3. Yes. So long as the diffuser is not covered by anything that will reduce its efficacy, it can be recessed. Just be careful to not put diffusers too close to listeners - Pay attention to manfacturers' recommendations on this.

4. Placement of diffusers is not a simple answer. Generally i would not use di/bi-poles any more. They were fine in the old days of analogue pro-logic, but now we have discrete digital channels with the additional layer of multiple objects being rendered, spatial resolution is important - Some thing that bi-poles are not the best at, and di-poles are designed to not do at all! The caveat is a 5.1 system in a small room where surrounds are relly close to listeners.
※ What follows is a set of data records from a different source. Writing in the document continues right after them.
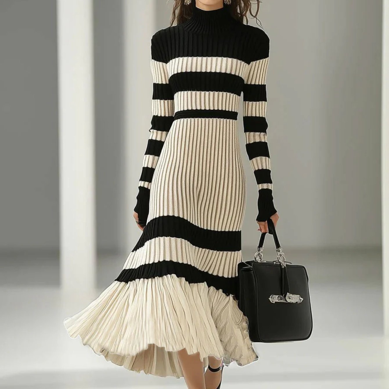 Elegant High Neck Striped Dress - Black & White Slim Fit Style
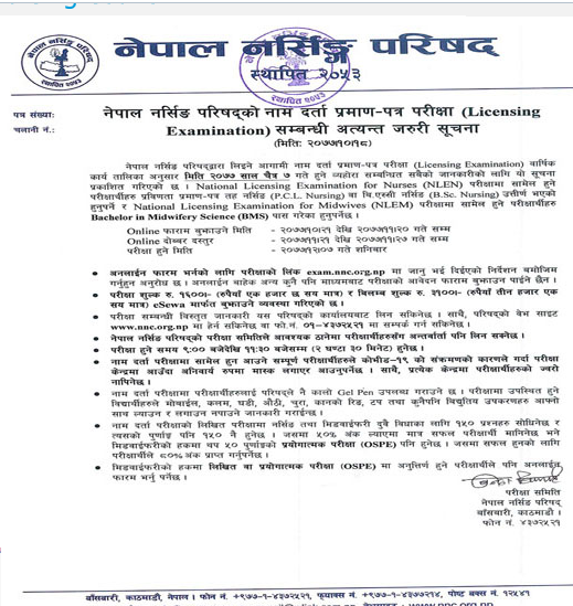 परिषदले एक सूचजना जारी गर्दै नाम दर्ता प्रमाणपत्रका लागि प्रवीणता प्रमाणपत्र तह नर्सिङ, वीएस्सी नर्सिङ, मिडवाइफको परीक्षा चैत ७ गते हुने जानकारी दिएको हो ।
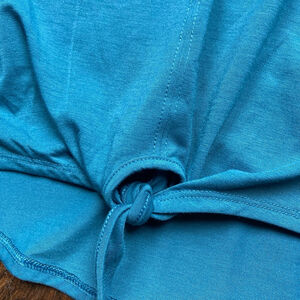 This is a pre-owned Athletic Works long-sleeved shirt, size M (7-8). The shirt is teal and features a crew neck and a tie at the bottom. It is made of 96% polyester and 4% spandex. The shirt has a logo on the left sleeve. There are no visible stains, tears, or other imperfections. The shirt is in good condition.
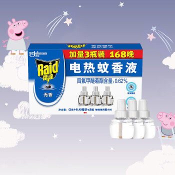 雷达(Raid) 电蚊香液 替换装 3瓶装 168晚 无香型 驱蚊液 灭蚊液 防蚊液 驱蚊水 驱蚊器 |
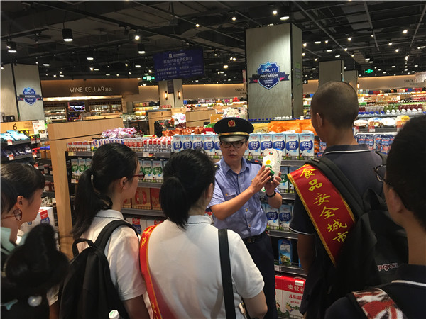 仪式结束后,同学们开始了第一个活动,来到了绿地进口超市。超市里摆满了进口商品。玄武门分局投诉举报站站长程路向同学们介绍购买预包装食品应当注意的问题。同学们都听得十分认真,学习到了如何辨别预包装食品是否安全的方法。
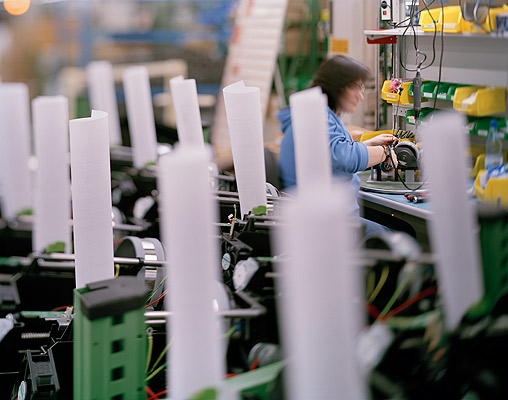 PARTS III Production of franking machines: Silke Hermann pre-assembling chassis for the ‘ultimail’ model.
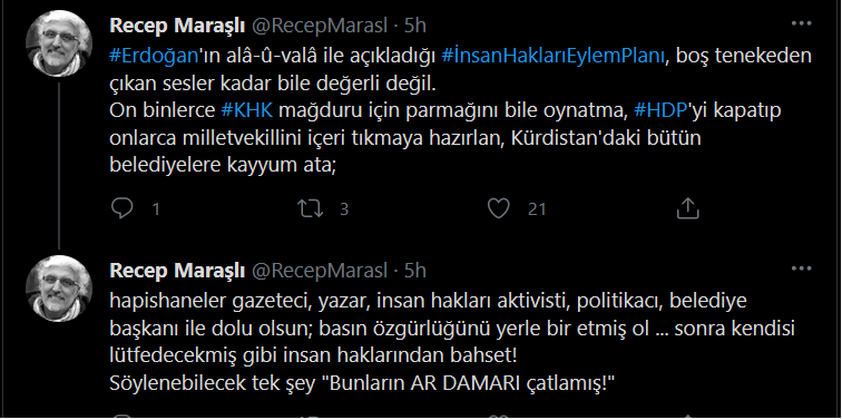Όπως εξαίρετα σχολίασε ο Κούρδος διανοούμενος Ρετζέπ Μαρασλί : ¨Το Σχέδιο Δράσης που ανακοίνωσε ο Ερντογάν δεν αξίζει ούτε σαν τον ήχο που κάνει ένας άδειος τενεκές. Δεν κουνάς ούτε το δάχτυλο σου για τα δεκάδες χιλιάδες θύματα των προεδρικών διαταγμάτων, κλείνεις το κόμμα HDP, ετοιμάζεσαι να φυλακίσεις δεκάδες βουλευτές του HDP, διορίζεις επιτρόπους σε όλους τους δήμους στο Κουρδιστάν, γεμίζεις τις φυλακές με δημοσιογράφους, συγγραφείς, ακτιβιστές ανθρωπίνων δικαιωμάτων, πολιτικούς και δημάρχους, ισοπεδώνεις την ελευθεροτυπία και μετά μιλάς για ανθρώπινα δικαιώματα λες και θα δωρίσεις κάτι¨ .
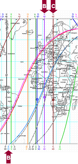 Aus den Ergebnissen ist abzuleiten, daß die Frau vom Aszendenten her in den Orbis des Gruppenschicksalspunktes von Merkur-Saturn fällt, die Abweisung. Dies bestätigt sich durch die in der Realität erlebte Isolation. Das Ergebnis Sonne zu Ortsqualität fällt in die Nähe des Milieuwechselpunktes von Venus-Merkur, was mir trotz des weiten Orbis aussagefähig für die Erlebnisse an diesem Ort ist. Das Ergebnis von MC zur Ortsqualität fällt auf einen Gruppenschicksalspunkt von Sonne-Uranus, was insbesondere auf den lebensgefährlichen Zusammenbruch hinweist. Da die Beziehung MC-Ort Sonne-Uranus-Qualität hat und gleichzeitig das Relokationshoroskop zeigt, daß an diesem Ort nur der zweite Anlageteil aufscheint, der Schütze-Aszendent jedoch nicht mehr, habe ich der Frau geraten, irgendwann noch einmal den Wohnort zu wechseln, wenn es sich über einen äußeren Anlaß für sie fügt. In der Astrokartographie zeigt sich die Linie MC-Saturn am Aufenthaltsort. Die mit der Relokation des Horoskops darüber hinaus möglichen Aussagen fehlen hier. ********************* Astrokartographie
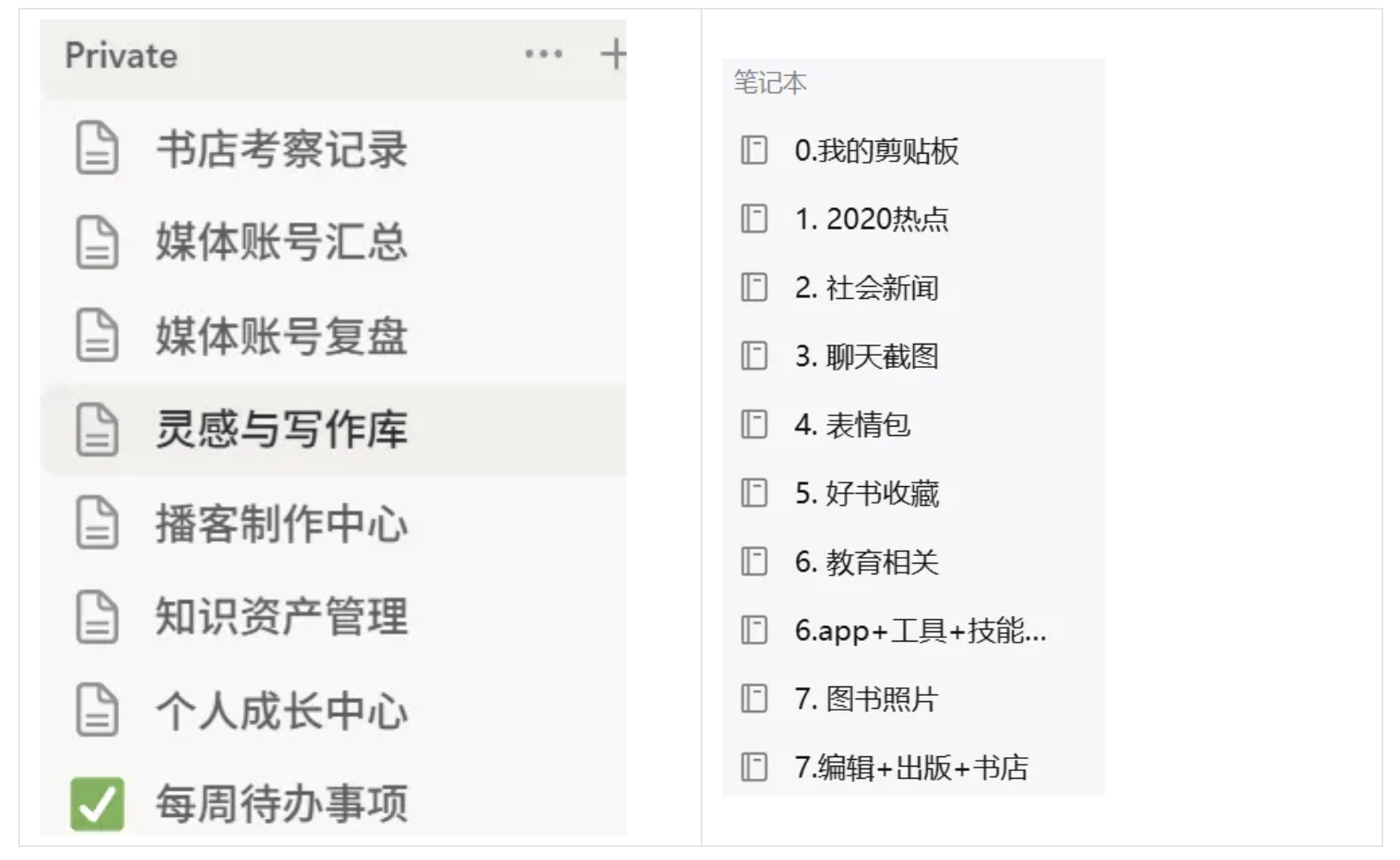 左边是notion的库,右边为印象笔记的文件夹。
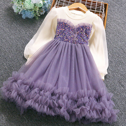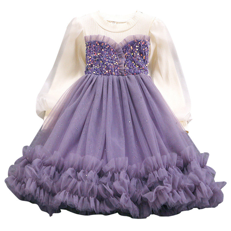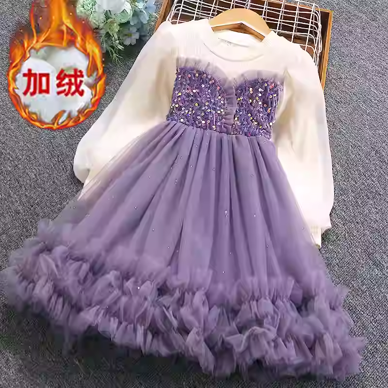 女童紫色连衣裙儿童生日蓬蓬裙子洋气纱裙子小女孩公主裙2025春季
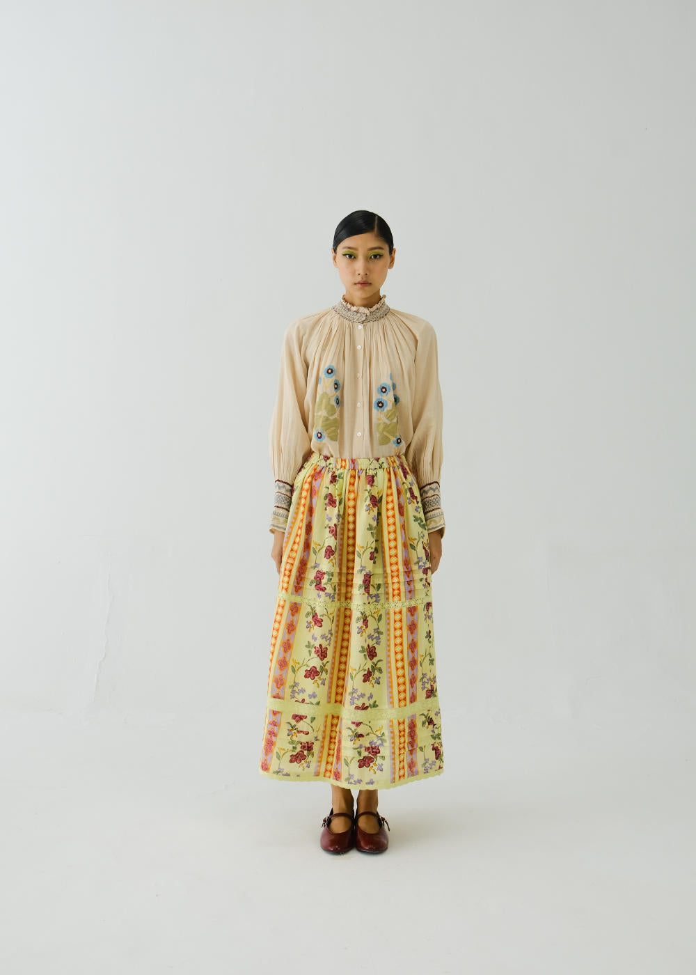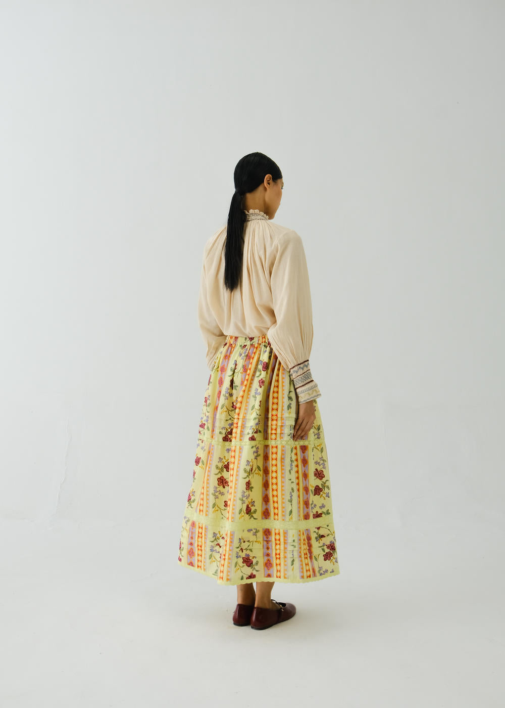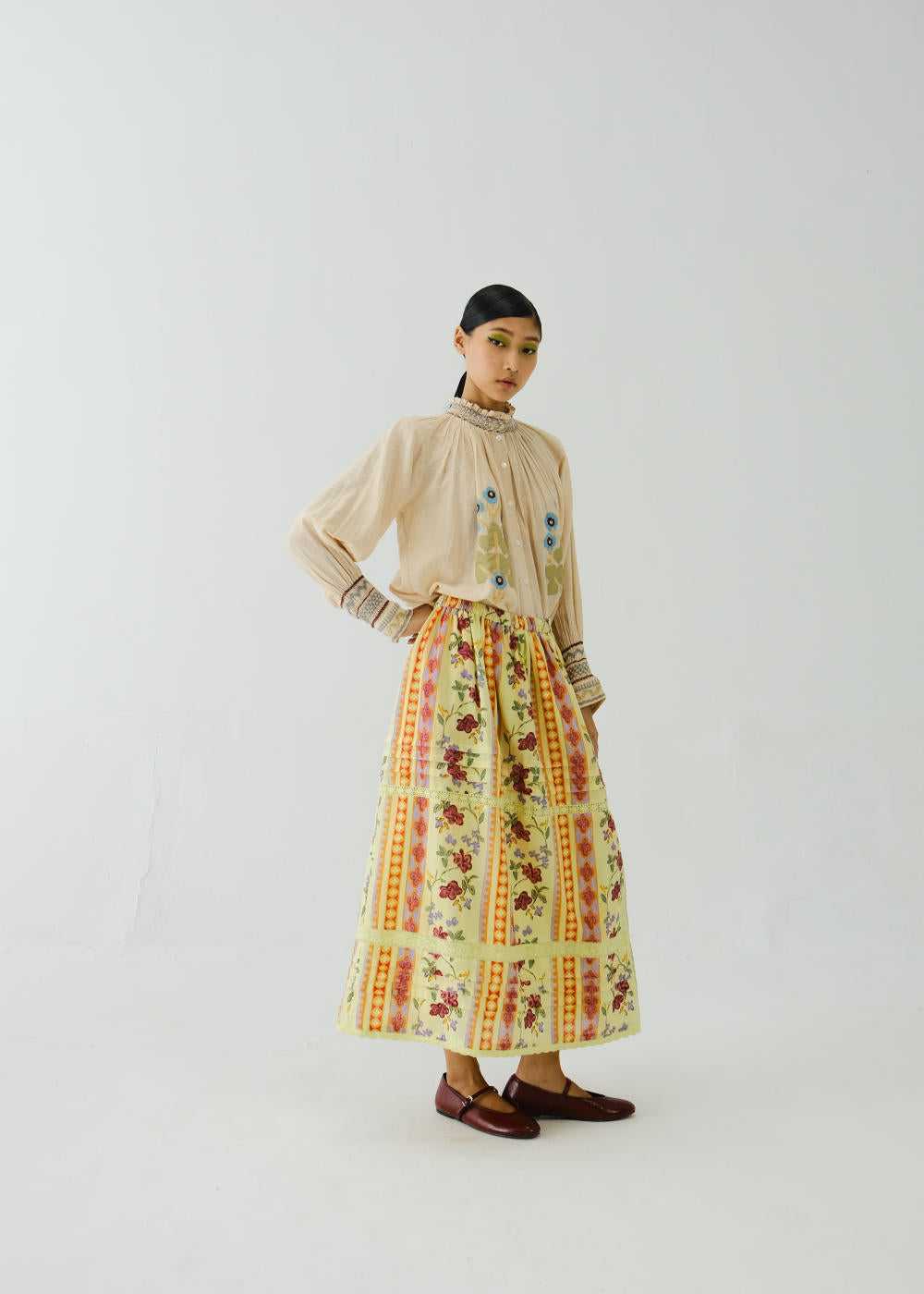 Elevate your style with the Emily Skirt, a gracefully flowing A-line silhouette complemented by a comfortable elasticated waistband, Folk Bloom print and lace inserts. Fabric : Linen
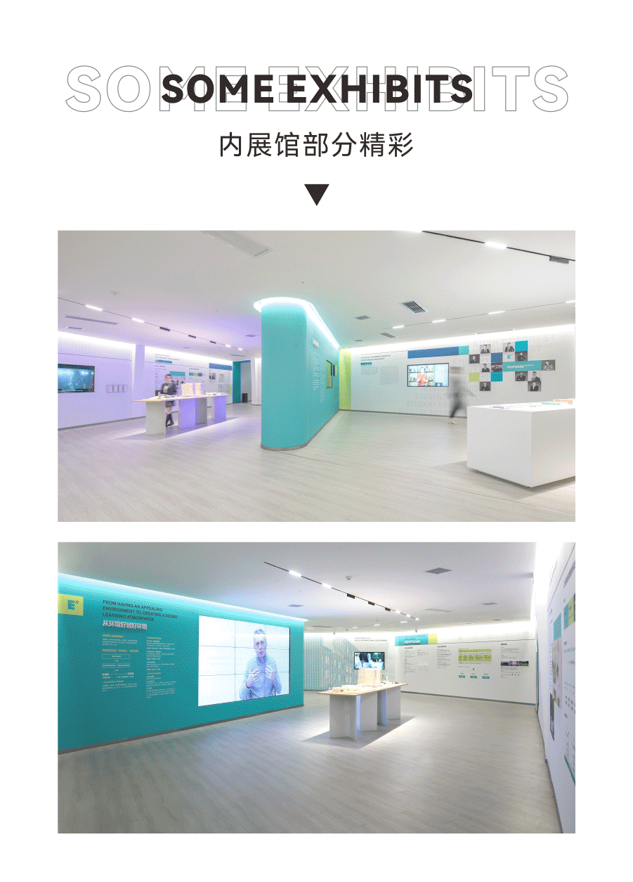 在空间表达上,校史馆色调简洁明亮,大片纯白的墙面穿插欧亚绿与VI辅助色,强化品牌认知。在建设上,通过现代化的建筑理念、视觉设计与材料技法,一改传统校史馆建设面貌,使空间以一种年轻、友好的姿态,吸引观者舒适地穿越其中,驻足、浏览、思考。

In these situations, I may choose to sacrifice resolition, for non-localisation of speakers.

5. Any acoustical materials in a room must be part of the overall plan. Any materials placed behind a non AT screen will have minimal effect at mid and high frequencies. The front wall could, however, still be built as a bass absorber in which case if it were open at the top and bottom, the more depth the better.

6. Rectangular rooms are more predictable at bass frequencies than irregularly shaped rooms. Closing off another room with a thick curtain will certainly absorb mid and high frequencies, but will do nothing at bass frequencies to make the room more predictable.

7. I don't... With controlled dispersion speakers as LCR, we generally prefer hard floors to carpet. Carpets and underlays are great high frequency absorbers, but do little from midrange down. It's likely that with everything else in the room and on the walls, you don't need the additional high frequency absorptionthat carpet delivers.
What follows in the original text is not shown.